-- Assigned task --
Print the records below exactly, from the line containing "Für ein paar" down to the line containing "Comprar Juego de", both lines included, and omit every picture.

-- Provided data --
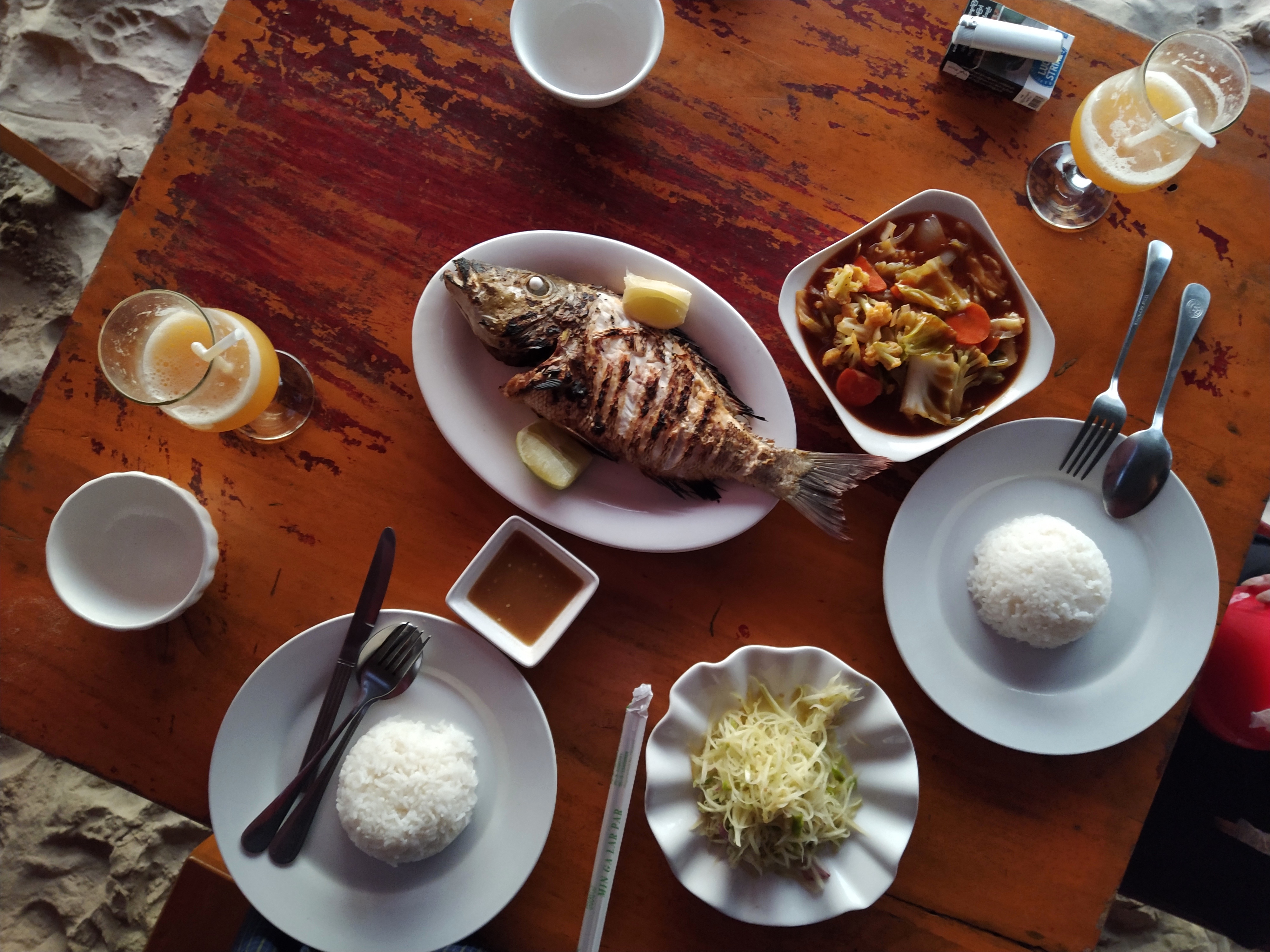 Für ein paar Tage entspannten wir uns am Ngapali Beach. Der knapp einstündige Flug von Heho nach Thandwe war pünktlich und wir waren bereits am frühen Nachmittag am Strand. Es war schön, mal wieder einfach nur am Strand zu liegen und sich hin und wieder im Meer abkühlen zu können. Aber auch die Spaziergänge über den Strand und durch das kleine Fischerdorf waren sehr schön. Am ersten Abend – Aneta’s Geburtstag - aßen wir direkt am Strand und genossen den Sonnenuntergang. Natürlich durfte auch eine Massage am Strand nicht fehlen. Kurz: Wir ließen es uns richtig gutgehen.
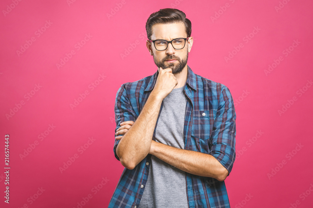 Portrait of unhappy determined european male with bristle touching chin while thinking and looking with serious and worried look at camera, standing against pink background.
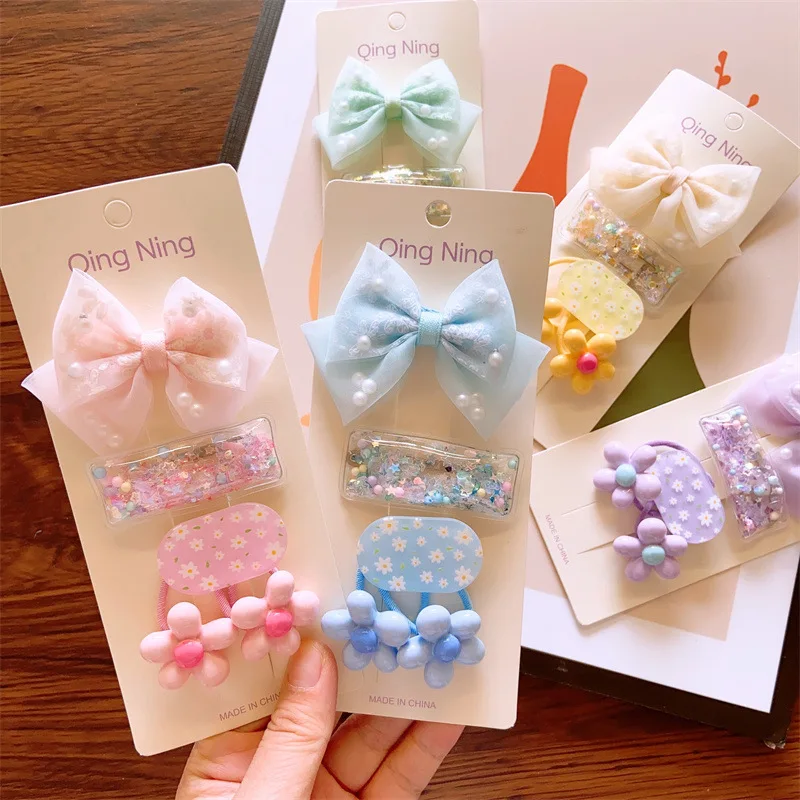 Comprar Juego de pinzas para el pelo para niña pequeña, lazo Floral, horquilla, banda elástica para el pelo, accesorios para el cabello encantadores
==
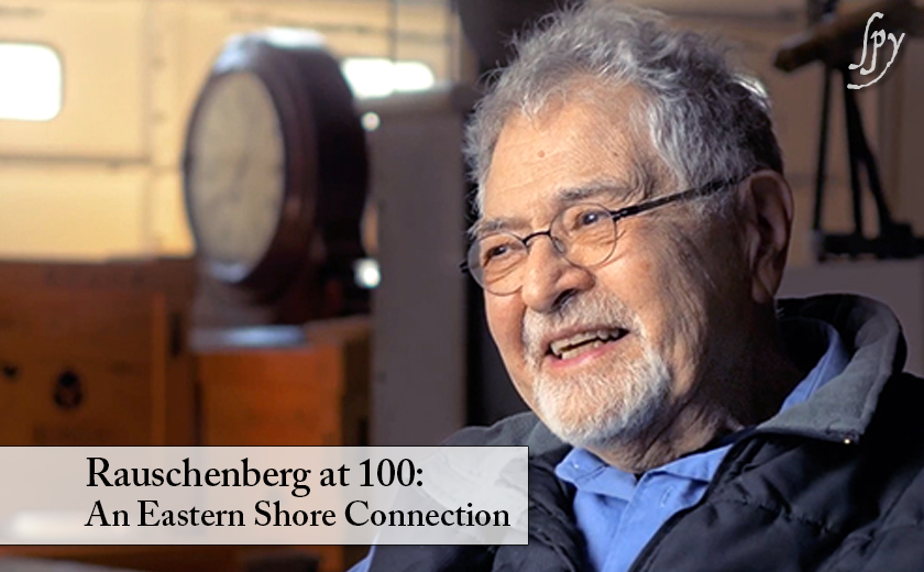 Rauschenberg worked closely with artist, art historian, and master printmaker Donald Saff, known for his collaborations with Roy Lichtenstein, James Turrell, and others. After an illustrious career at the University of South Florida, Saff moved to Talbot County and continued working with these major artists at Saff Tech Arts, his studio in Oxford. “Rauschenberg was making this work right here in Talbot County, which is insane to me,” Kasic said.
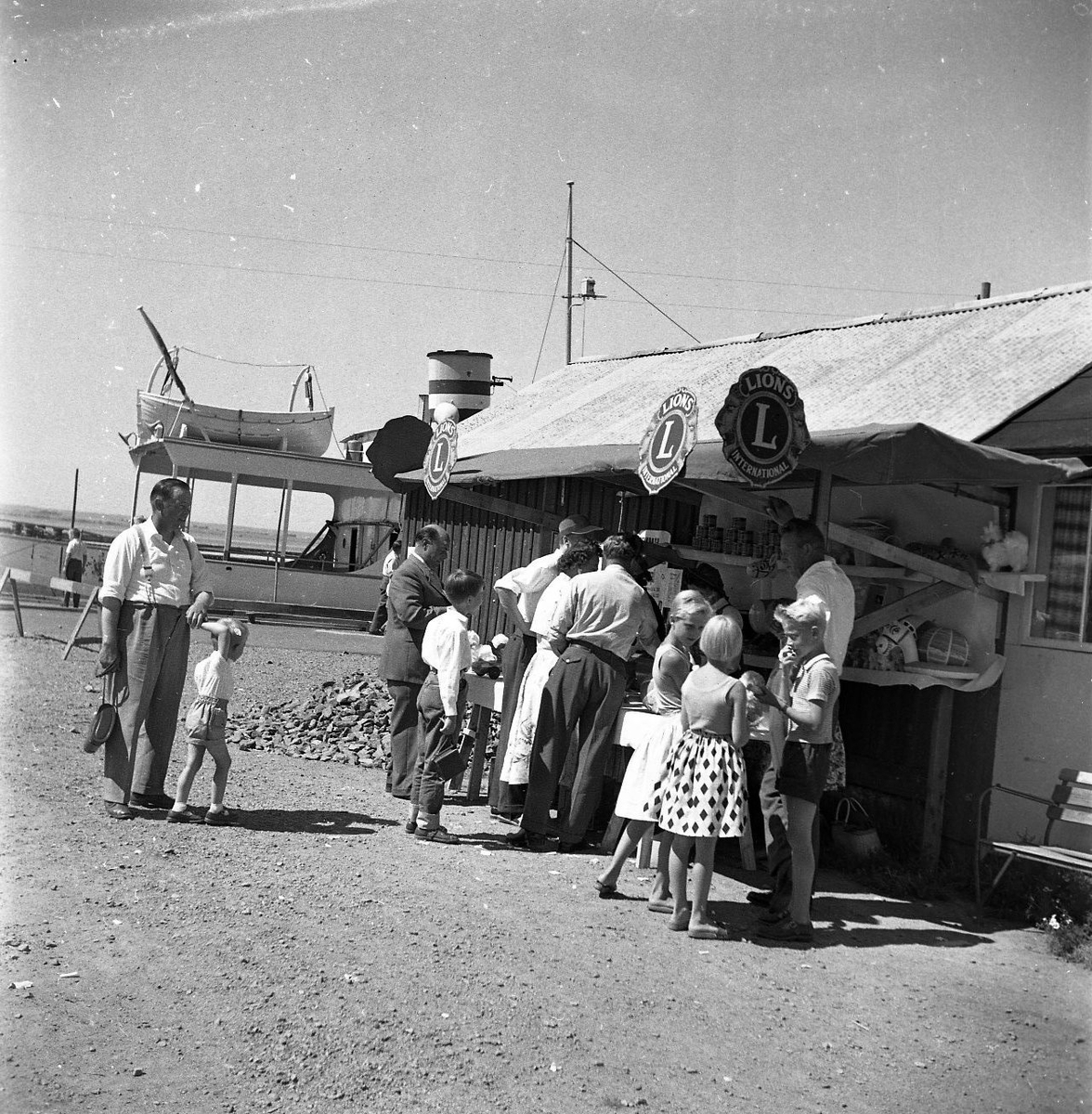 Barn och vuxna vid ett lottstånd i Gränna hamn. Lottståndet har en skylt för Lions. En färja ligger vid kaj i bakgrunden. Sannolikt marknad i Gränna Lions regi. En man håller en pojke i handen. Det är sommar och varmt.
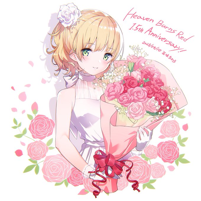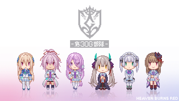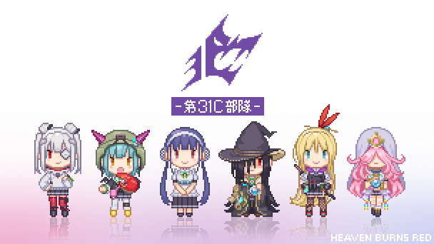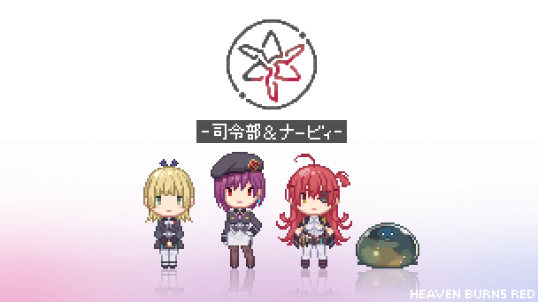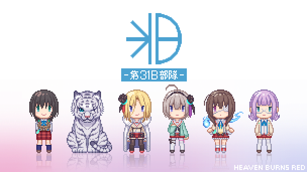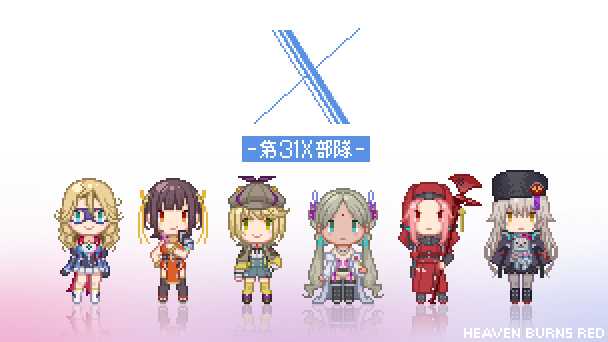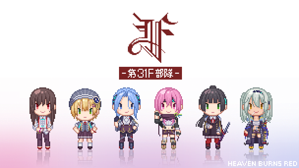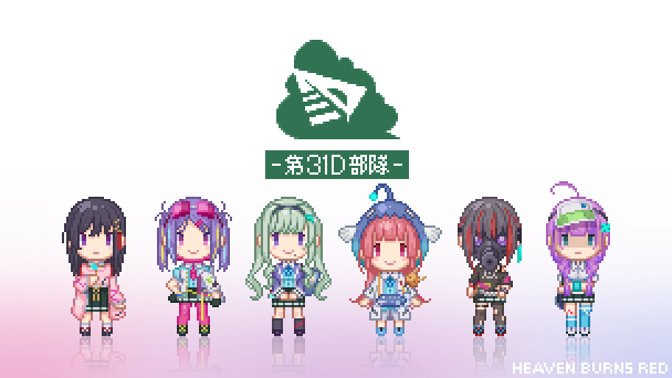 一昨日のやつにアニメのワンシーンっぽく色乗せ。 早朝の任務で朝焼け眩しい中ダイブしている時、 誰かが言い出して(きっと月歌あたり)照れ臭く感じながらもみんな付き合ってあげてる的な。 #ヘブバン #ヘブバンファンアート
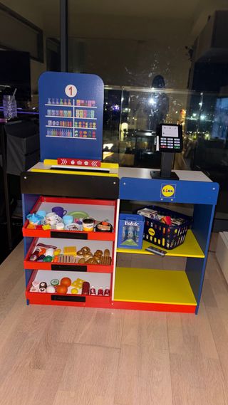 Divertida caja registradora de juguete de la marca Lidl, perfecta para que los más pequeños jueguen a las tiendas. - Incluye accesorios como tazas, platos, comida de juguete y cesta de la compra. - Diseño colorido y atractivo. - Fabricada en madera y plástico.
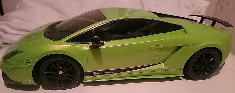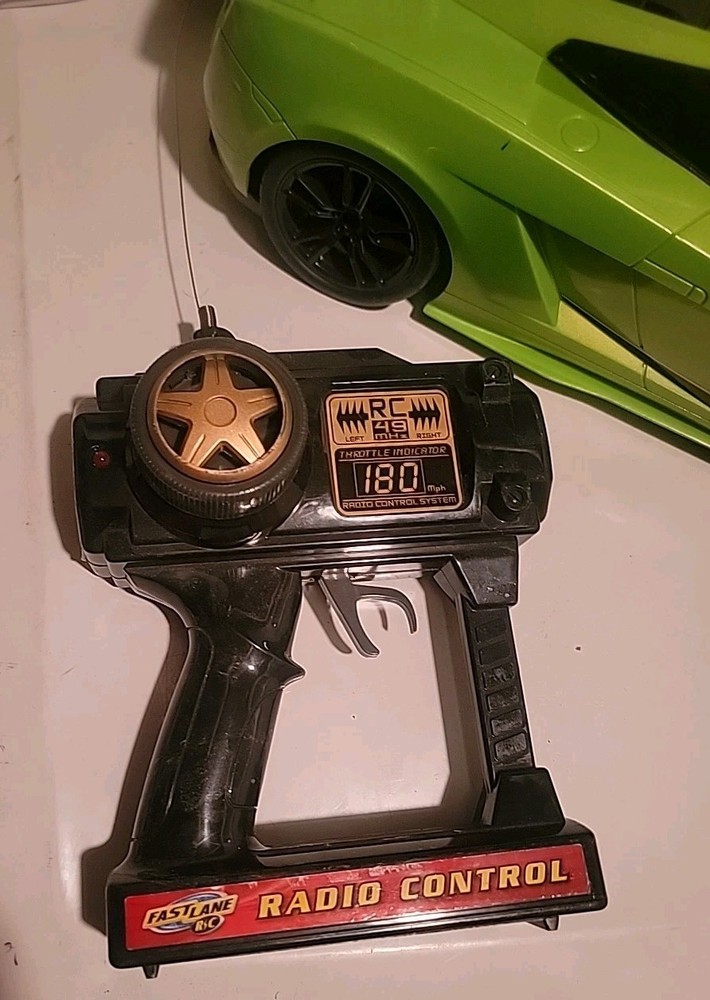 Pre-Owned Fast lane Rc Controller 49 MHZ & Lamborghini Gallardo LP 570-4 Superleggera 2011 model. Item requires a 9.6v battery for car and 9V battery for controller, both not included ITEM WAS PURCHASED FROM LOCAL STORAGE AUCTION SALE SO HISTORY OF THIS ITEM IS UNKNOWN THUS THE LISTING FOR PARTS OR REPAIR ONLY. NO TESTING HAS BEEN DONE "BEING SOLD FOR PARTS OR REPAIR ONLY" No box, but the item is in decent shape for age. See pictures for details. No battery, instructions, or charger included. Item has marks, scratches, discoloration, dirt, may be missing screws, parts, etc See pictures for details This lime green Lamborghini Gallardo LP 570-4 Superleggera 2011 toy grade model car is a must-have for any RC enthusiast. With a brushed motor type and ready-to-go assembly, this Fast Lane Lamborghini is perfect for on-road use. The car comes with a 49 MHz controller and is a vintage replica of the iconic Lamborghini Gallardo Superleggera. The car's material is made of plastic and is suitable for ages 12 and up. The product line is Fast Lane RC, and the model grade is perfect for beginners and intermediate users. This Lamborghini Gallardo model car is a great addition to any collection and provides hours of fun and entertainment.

-- Answer to the exercise --
 Für ein paar Tage entspannten wir uns am Ngapali Beach. Der knapp einstündige Flug von Heho nach Thandwe war pünktlich und wir waren bereits am frühen Nachmittag am Strand. Es war schön, mal wieder einfach nur am Strand zu liegen und sich hin und wieder im Meer abkühlen zu können. Aber auch die Spaziergänge über den Strand und durch das kleine Fischerdorf waren sehr schön. Am ersten Abend – Aneta’s Geburtstag - aßen wir direkt am Strand und genossen den Sonnenuntergang. Natürlich durfte auch eine Massage am Strand nicht fehlen. Kurz: Wir ließen es uns richtig gutgehen.
 Portrait of unhappy determined european male with bristle touching chin while thinking and looking with serious and worried look at camera, standing against pink background.
 Comprar Juego de pinzas para el pelo para niña pequeña, lazo Floral, horquilla, banda elástica para el pelo, accesorios para el cabello encantadores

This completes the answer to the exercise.